The Bank Of Canada Will Drop Anchor At A 3% Bank Rate
Behavioral economists have long warned policymakers of the dangers of “anchoring” on a specific number. So often, we anchor or latch onto a specific economic number which then we use to establish rules to make decisions regarding policy. Central bankers, for example, have anchored on the goal of 2% inflation and all decisions regarding interest rates are aimed at allowing the economy to expand while not exceeding that inflation target.
Made famous by Nobel prize winner in economics, Daniel Kahneman[1], anchoring has now become a well-documented tool used by behavioral economists to explain decision- making. What happens when the number we anchor upon turns out to be a poor choice for the purpose of making a whole set of decisions affecting the financial markets and the economy in general?
Governor Poloz of the Bank of Canada has been telling Canadians to get ready for a bank rate of 3%. He is anchoring on that number based upon a concept of the “neutral rate of interest” [2] which is also touted by the Federal Reserve. The neutral rate can be considered as a benchmark to gauge the degree of monetary stimulus in place. If the bank rate is below the neutral rate, then monetary policy is considered to be simulative; above the neutral rate, monetary policy is restrictive. The Bank of Canada has set the neutral rate between 2.5% and 3.5% and for the purposes of building their projections, a 3%neutral rate is adopted.

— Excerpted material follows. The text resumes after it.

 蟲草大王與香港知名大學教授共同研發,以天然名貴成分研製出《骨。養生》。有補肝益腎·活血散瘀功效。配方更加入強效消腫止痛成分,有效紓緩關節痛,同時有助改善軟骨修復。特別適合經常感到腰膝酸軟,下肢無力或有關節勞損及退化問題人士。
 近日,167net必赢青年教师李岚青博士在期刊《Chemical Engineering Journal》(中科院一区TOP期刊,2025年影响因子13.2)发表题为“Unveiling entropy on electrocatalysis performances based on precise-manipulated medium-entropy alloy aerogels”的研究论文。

The Governor argues that wages will grow faster as the labor market tightens and the economy operates at full capacity. However, it is not at all evident that wages will accelerate. Inside Canada’s October job report, hourly earnings eased to a 1.9% y/y growth rate from 2.2% in September, continuing the slowdown in wage growth started in the spring of this year (see accompanying chart). A deceleration in wage growth is not supportive of a position that rate hikes are needed and that we should anchor on reaching the target of 3%. Moreover, wage growth should be examined in terms of labor costs per unit of output. Unit labor costs in Canada have plateaued earlier in the year and also have tended to decelerate.

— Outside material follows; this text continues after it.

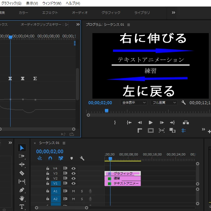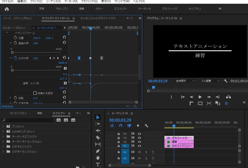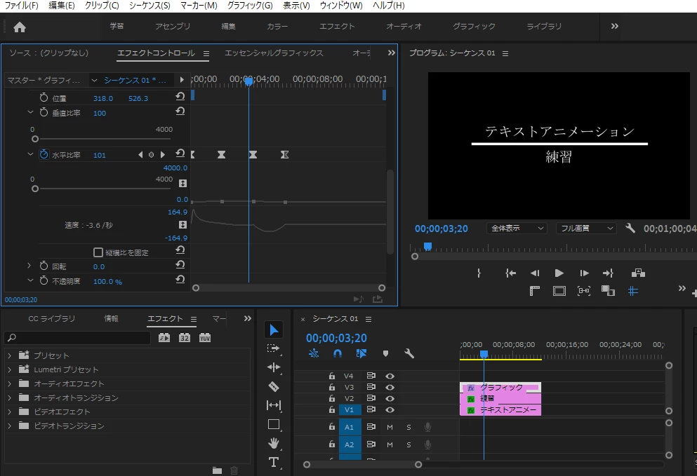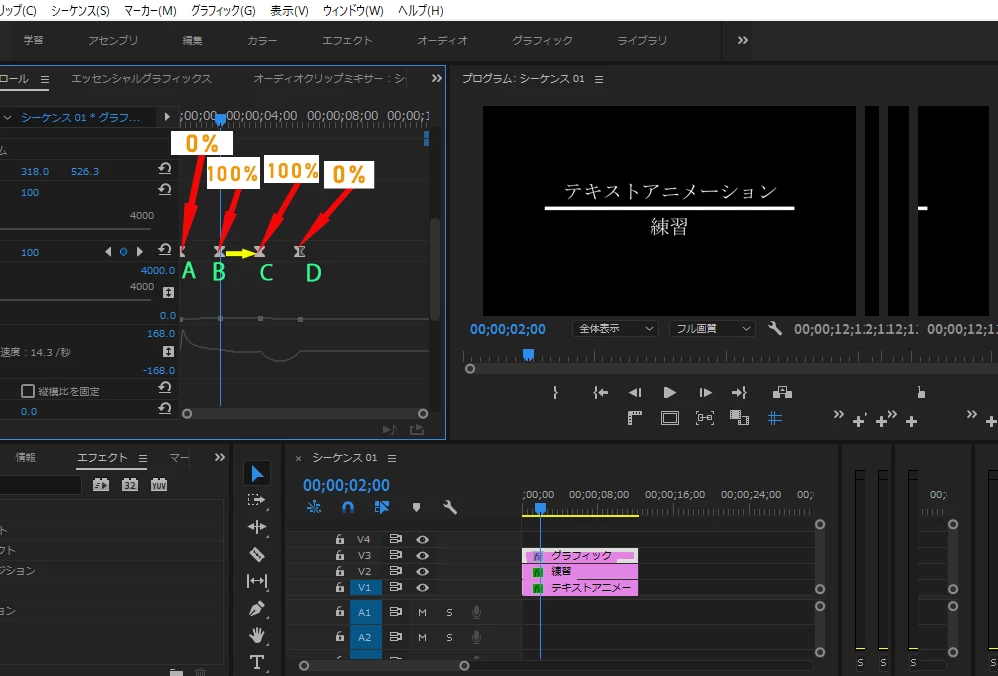 伸びる線は作ることができたのですが、キーフレームB→Cに行くまでになぜか水平比率が「104」になり、そこからまたCに行くと「100」に下がります。100、101、102、103、104、103、102、101、100という感じです。B→Cに行くまでに意図した長さより線が長くなってしまうのです。キーフレームはBとCはどちらも水平比率「100」にしているのにです。

Finally, the October jobs numbers revealed no gains in employment and no change in the unemployment rate of 5.8%. Over the past 12 months, the number of employed workers grew just by 1.1%, hardly an indication that the demand for labor is growing and that wages are about to accelerate. Over the same period, total hours worked rose by a mere 0.7%, another sign of a relatively tame labor market. None of these data suggest that there is or will likely be a surge in wage growth that will spark inflation.

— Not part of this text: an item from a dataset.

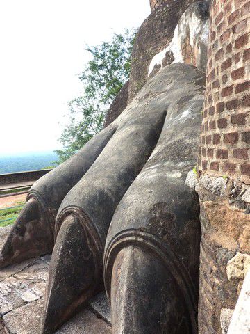 Mit 30 USD sind wir dabei und wir können durch die königlichen Lustgärten lustwandeln um dann den Löwenfelsen zu besteigen. Ein weiteres Unesco Weltkulturerbe und ein Höhepunkt unserer Reise, gibt es doch auf halber Höhe die berühmten Wolkenmädchen von Sigiriya zu bestaunen. Sie sind sagenumwoben und faszinierend. Der Felsen ist nur 200 m hoch, ob der der gnadenlosen Hitze haben wir uns für einen Aufstieg schon um 7:30 entschieden. Die aufdringlichen Guides lehnen wir ab, denn immerhin haben uns Edeltraud und Wolfgang jahrlang trainiert und bergerfahren geht es alleine aufwärts. Als wir die Wolkenmädchen erreichen, konnten wir sie geraume Zeit ganz für uns alleine betrachten und uns ihrem Zauber hingeben. Sie sind geheimnisvoll, ihre Bedeutung ist bis heute nicht geklärt. Auf dem Hochplateau ist eine zerfalllene Festung und ein herrlicher Ausblick in das überraschend gebirgige Umland bietet sich uns an. Beim Abstieg sind schon bedeutend mehr Menschen hier und es ist gut, dass wir bei angenehm kühlen Temperaturen den Aufstieg gemacht haben. Manche Reisende lassen sich beim Aufstieg von den Guides fast hochschieben. Ängstliche werden bei der Hand genommen.Wir hatten den Eindruck, dass besonders den Damen die Guides recht gerne hilfreich waren.
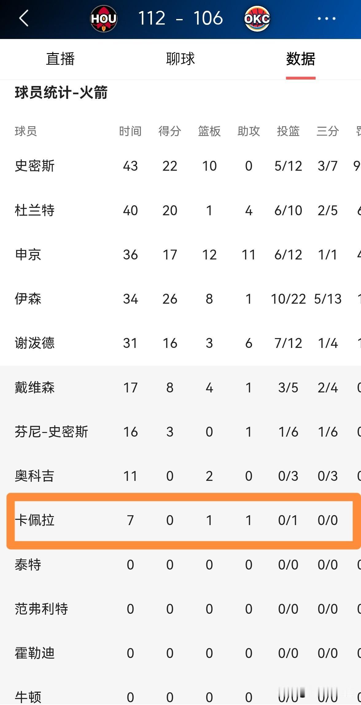 火箭主帅乌度卡对卡佩拉真是忍无可忍了!虽然今天火箭在客场以112:106击败雷霆,但是卡佩拉的表现却非常的糟糕,他仅仅替补出战7分钟后就惨遭主帅乌度卡的弃用。 整场比赛下来,卡佩拉替补出战7分钟,投篮1中0怒砍0分,还有1次失误,他的场上正负值为全队最低的-12。 事实证明,乌度卡教练弃用卡佩拉真是非常的明智,在卡佩拉被弃用之后,火箭在攻防两端都打出了非常出色的表现。

Anchoring often can lead to policy errors.
[1] Thinking Fast, Slow, Farrar, Straus and Giroux,2011
[2] The Bank Of Canada Holds Out For A ‘Neutral’ Rate Of Interest
I wonder how central banks weigh wages against asset inflation in determining what is loose and what is tight. Seems like wages take center stage. Labor takes a beating most times.
I think you are right on the mark. No central banker worried about P/E in tech stocks in the 100.But heaven forbid that wages grow at 4% the bond yields soar.